Le récipiendaire du prix, « Ethiophile 2015 » en France, son premier prix, rend compte également de la fraternité et de l’harmonie qui régnait entre voisins du quartier à l’époque. N’importe quel individu pouvait s’adresser à l’autre pour solliciter son aide ; pourtant, par les temps actuels, les accros à la technologie s’amusent à photographier leurs concitadins dans des situations critiques au lieu de venir à leur rescousse. Donc le sentiment fraternel tend à s’effriter de jour en jour.

Hormis ces moments de bonnes et gaies habitudes, dans notre vie de peuple, le spécialiste en politique culturelle, dans son roman « La couturière de Martissant », présente, avec le personnage principal dénommé Gisèle, une radiographie d’une situation récurrente qui règne dans les industries manufacturières communément appelées les factories, où très souvent les superviseurs abusent de leurs pouvoirs quand il faut embaucher. Les conséquences de l’infidélité dans les couples ont été également évoquées, si bien que dans l’histoire, la couturière a été surprise en flagrant délit d’adultère avec son voisin. Au retour du travail, son mari Nelson a eu un affrontement mortel avec Roger son voisin qui a laissé sa peau dans la bagarre. Nelson, par la suite, est écroué au pénitencier national ce qui a provoqué dans la vie de son fils Claude, une carence d’affection paternelle.
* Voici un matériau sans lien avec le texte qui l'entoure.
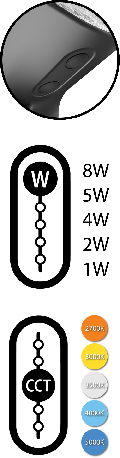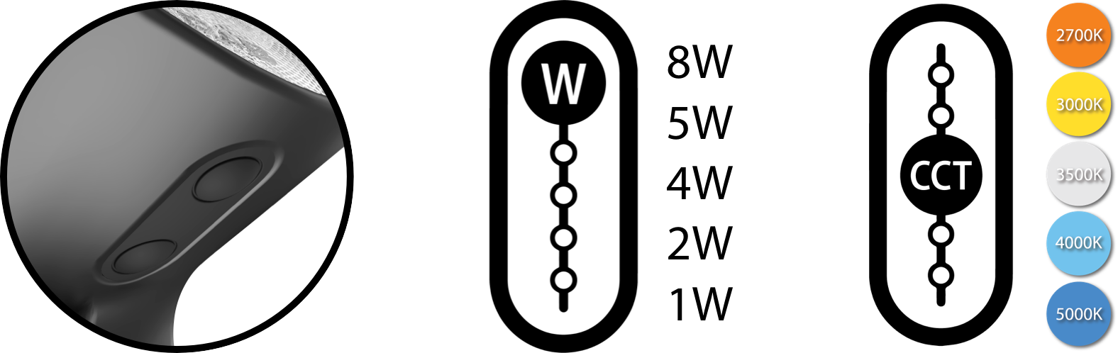 Fine tuning your light just got easier than ever…before and after installation! Say goodbye to those hard-to-reach switches. The LF17 has two handy buttons that let you quickly toggle through five wattages and five CCTs.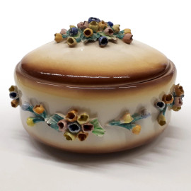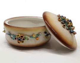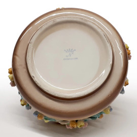 Centrotavola in porcellana policroma Capodimonte con decori floreali a rilievo, diametro cm 20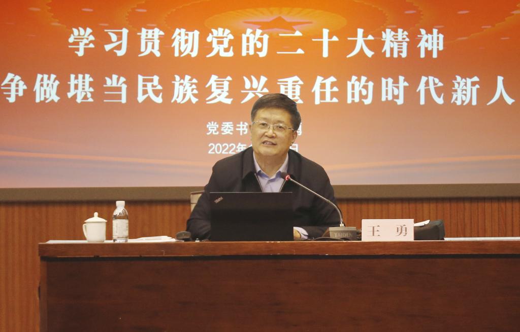 王勇指出,党的二十大是在全党全国各族人民迈上全面建设社会主义现代化国家新征程、向第二个百年奋斗目标进军的关键时刻召开的一次十分重要的大会,学习宣传贯彻党的二十大精神,要牢牢把握过去5年工作和新时代10年伟大变革的重大意义,牢牢把握新时代中国特色社会主义思想的世界观和方法论,牢牢把握以中国式现代化推进中华民族伟大复兴的使命任务,牢牢把握以伟大自我革命引领伟大社会革命的重要要求,牢牢把握团结奋斗的时代要求,做到全面学习、全面把握、全面落实。结合学校发展实际和立德树人根本任务,王勇强调,要深刻理解党中央将教育、科技、人才进行“三位一体”统筹安排、一体部署的战略意义和深远影响,充分发挥好高校作为科技第一生产力、人才第一资源和创新第一动力的重要结合点的独特作用;要深刻理解当代青年的使命任务与责任担当,教育引导学生坚定不移听党话、跟党走,怀抱梦想又脚踏实地,敢想敢为又善作善成,立志做有理想、敢担当、能吃苦、肯奋斗的新时代好青年。

Dans ce livre, Paul nous permet de faire un saut dans une tranche importante de notre histoire. Il a fait allusion à la question de « Canter », un phénomène encore d’actualité. Pas plus tard que la semaine dernière, plusieurs de nos compatriotes ont perdu leur vie en tentant de rallier les Bahamas à bord d’une embarcation de fortune.

Au cours d’une entrevue, accordée au journal en marge de la vente signature du roman, mardi 5 février, l’auteur Des enfants du cyclone n’a pas caché sa satisfaction d’avoir remporté le prix Deschamps 2018. « Le prix littéraire Deschamps est l’un des plus importants prix littéraires du pays », a-t-il affirmé. En dépit de nombreux problèmes auquel fait face Haïti, il reste est un pays de littérature, aux yeux du monde entier, a soutenu le psychologue.

Un cachet de cent cinquante mille gourdes et mille exemplaires du roman « La couturière de Martissant » sont accordés à l’auteur qui se dit ouvert à toute éventuelle invitation, notamment des ventes signature dans des écoles, des bibliothèques, de centres culturels et d’autres structures intéressées à l’ouvrage.